I don’t care if you’re a Republican or Democrat or independent. The focus is on lowering the costs for families and we should be doing it. – Catherine Cortez Masto
I don’t care if you’re a Republican or Democrat or independent. The focus is on lowering the costs for families and we should be doing it.
– Catherine Cortez Masto
“The federal government could play a role if we could stop playing politics around it and come together and focus on lowering those costs around health care,” she said.
Democrats originally proposed putting the Build Back Better bill, which made investments in climate policy and social spending including provisions reigning in drug costs, through the reconciliation process, a procedural move shielding it from a filibuster from Republicans, who all opposed the legislation.
It needed all 50 Democratic Senators on board.
But two Democratic Senators, Joe Manchin and Kyrsten Sinema, opposed the legislation’s size, and Manchin said in December, after months of negotiations, that he would not support the bill.
Both have since expressed some willingness to consider prescription drug price reforms.

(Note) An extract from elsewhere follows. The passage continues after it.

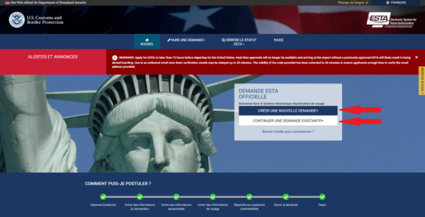 1, Connectez-vous sur le site officiel : https://esta.cbp.dhs.gov

The Affordable Insulin Now Act passed the House 232-193 with 12 Republicans in favor. It does have some Republican support in the Senate, but it’s unclear whether it would be enough – 60 votes total – to overcome a filibuster.
Cortez Masto said her goal was to pass the more comprehensive bill.

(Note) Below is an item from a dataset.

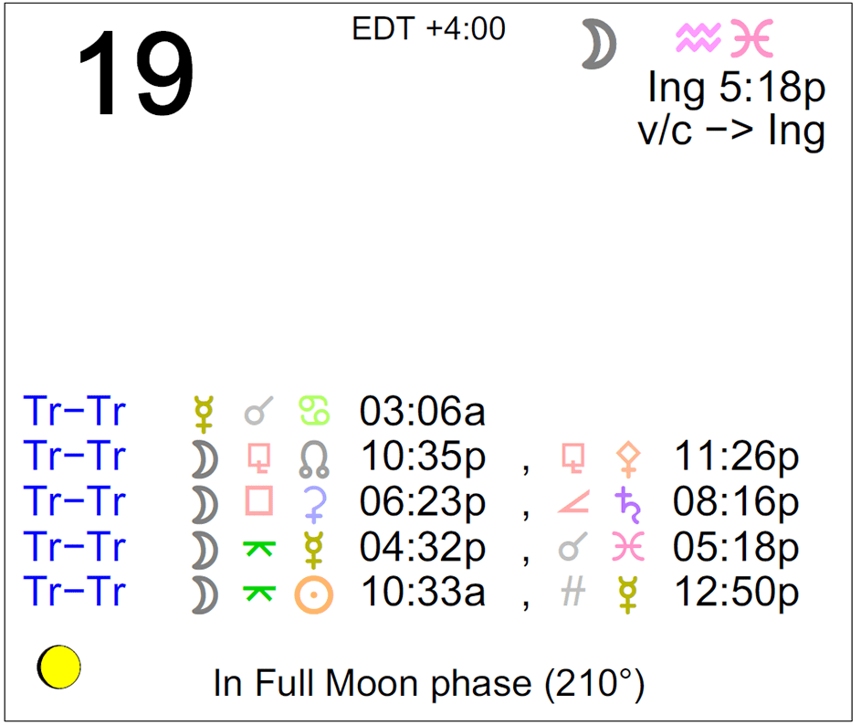 - The Moon is in Aquarius until 5:18 PM, after which the Moon is in Pisces.

“I do believe at the end of the day we can make it happen,” she said. “We are so close. We just have to get it across the finish line before the end of the year and this is our moment to get it done.”
While those in the room supported efforts to tackle insulin costs, they also said there is more to be done to tackle the financial strain imposed by health care.
One person questioned the effectiveness of allowing Medicare to negotiate drug prices when private markets can still set rates.
“What I do know and what I’ve asked the experts is if we could get it done with Medicare, would that bleed into the private market, and they said yes it would,” Cortez Masto said. “It does bleed into the private market.”
In addition to facing obstacles in the Senate, legislation to curb costs faces stiff resistance from pharmaceutical companies.
Cortez Masto said the companies are fear-mongering.
“The minute you know the pharmaceutical companies are scared is when you start seeing the commercials saying your elected leaders are going to limit your access to your drugs and access to new drugs because they are limiting (research and development),” she said. “That’s when they are running scared. But they have money to put those commercials on, but not enough money to lower costs for everybody else. This is my biggest frustration.”
During past Senate committee hearings, Cortez Masto said companies told her “if you regulate us that will cut out costs of R&D.”
“I said, ‘Well stop doing the commercial. Take the money you’re putting into the commercials and put it into R&D,’” she said. “I didn’t grow up with all these crazy commercials. Let the doctors decide what’s best and appropriate. We don’t need to see it on TV and stop spending all that money on it. And by the way, the taxpayer dollars do pay for research and development.”